One challenge I face is that my belly sometimes blocks the full range of motion on cable machines. I’ve thought about using accessories like VersaGrip or DNA bars that clip onto cables to extend range of motion and make pulls more comfortable. If you’re experiencing similar limitations, experimenting with grip attachments might help.
Why Strong Back Muscles Are Essential, Pregnant or Not
Whether you’re pregnant, planning to get pregnant, or not planning to have children at all, building strong back muscles is crucial. It supports good posture, reduces the risk of back pain, and improves overall functional strength.
For me, focusing on back strength has been the number one factor preventing back pain during pregnancy. I’m recording this update in my third trimester, and I’m happy to report zero back pain so far. I don’t rely on external belts or supports, which many athletic friends find uncomfortable or unnecessary. Instead, I believe in building a strong muscular core to support the body naturally.
Accessory Exercises: Dumbbell RDLs and Curtsy Lunges
Some accessory exercises that I initially skipped but have now embraced are dumbbell Romanian deadlifts (RDLs) and curtsy RDLs or lunges. These light weights and focused muscle contractions “light my ass on fire” in the best way.

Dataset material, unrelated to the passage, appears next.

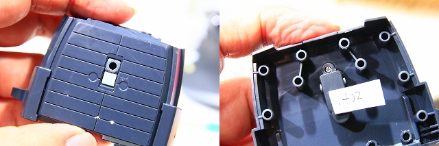 背中プレートにセットされるパネル。センターが少しズレていますので位置を修正し、ネジで固定。

I don’t need heavy weights for these; the key is really engaging the muscles and focusing on contraction, similar to what I did in my bodybuilding days. These movements are excellent for hypertrophy and provide a great cardio and strength workout combined.
Incorporating these accessory exercises adds variety to my routine and helps maintain muscle tone and endurance without overloading my body.

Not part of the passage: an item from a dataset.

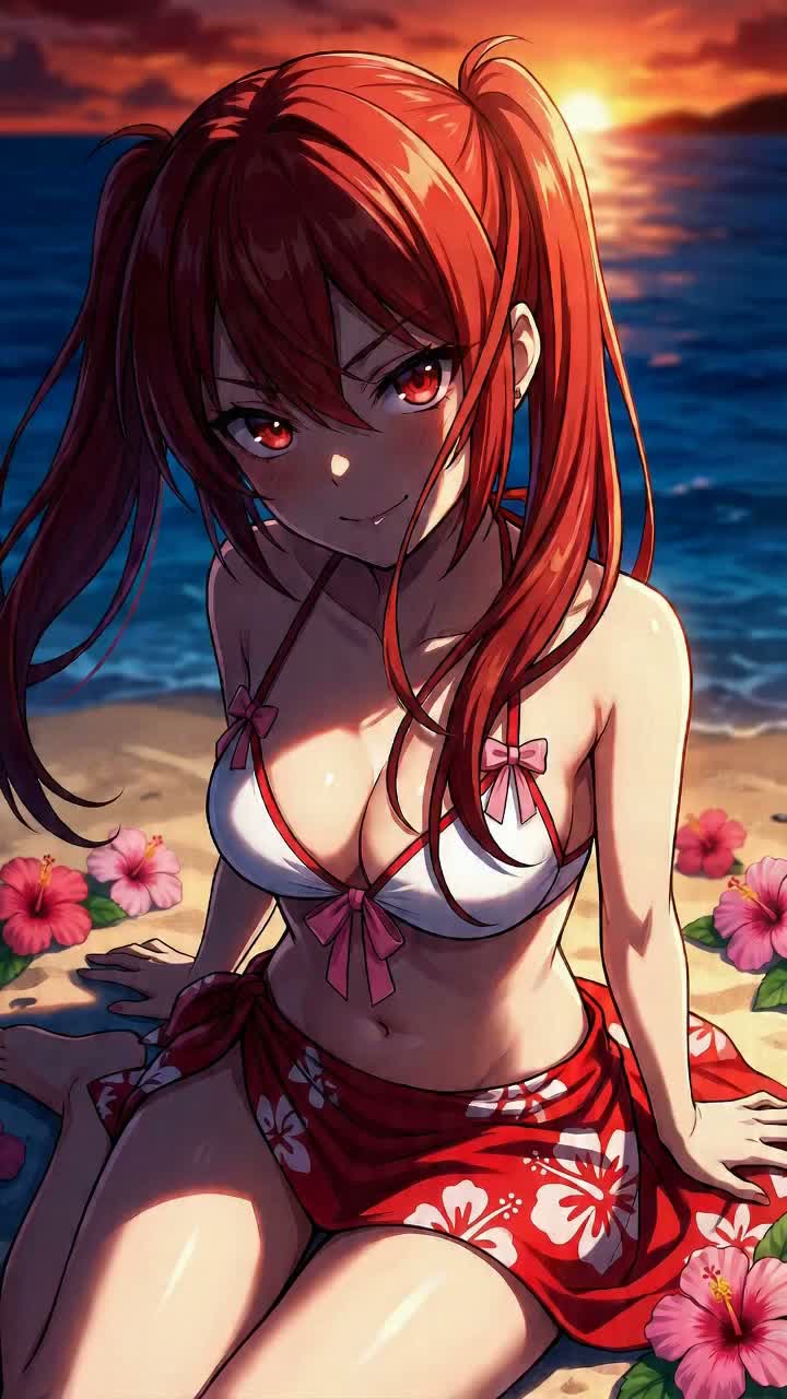 A surreal fusion of doom metal and Caribbean calypso, driven by extremely slow, down-tuned electric guitars layered with bright, melodic steel pan lines and rhythmic ukulele strums, Massive crash cymbals punctuate the dragging tempo while contrasting sunny tropical textures, Vocals feature a dark-cute, yandere-style female voice with vocaloid processing, shifting between eerie melodic lines and rhythmic rap-talk delivery, The production is clean and polished, balancing heavy low-end weight with crisp, colorful high-frequency percussion, creating a confusingly uplifting yet oppressive atmosphere

Wrapping Up: Stretching and Recovery
After about two hours in the gym, I always make sure to stretch my quads, glutes, and back before heading home. Stretching is essential to maintain flexibility, reduce muscle tightness, and support recovery, especially during pregnancy.
If you’re a woman just starting to strength train or anyone interested in lifting during pregnancy, I encourage you to listen to your body, prioritize safety, and enjoy the process.
Feel free to ask any questions about my pregnancy workouts in the comments or check out the links I provide for vegan powerlifting resources, training guides, and coaching options.
Final Thoughts: Embracing Strength Training as a Pregnant Powerlifter
Training at 28 weeks pregnant has been a rewarding experience that taught me the importance of flexibility, body awareness, and focusing on quality over quantity. My fellow vegan athletes and anyone interested in strength training can take away these lessons:
- Warm up thoroughly with joint gymnastics and dynamic stretching.
- Adapt clothing for comfort and belly support.
- Focus on form, breathing, and pelvic floor engagement during lifts.
- Keep deadlift weights moderate and reps flexible based on how you feel.
- Modify upper body exercises to avoid overstretching the belly.
- Prioritize strong back muscles to prevent pain and support posture.
- Include accessory exercises like dumbbell RDLs and curtsy lunges for hypertrophy and endurance.
- Stretch thoroughly after workouts to aid recovery and mobility.
Remember, strength training during pregnancy is about honoring your body’s changes while maintaining health and function. It’s not about pushing limits but about consistent, mindful movement that supports you and your baby.
Sending hugs and strength to all of you on your fitness journeys!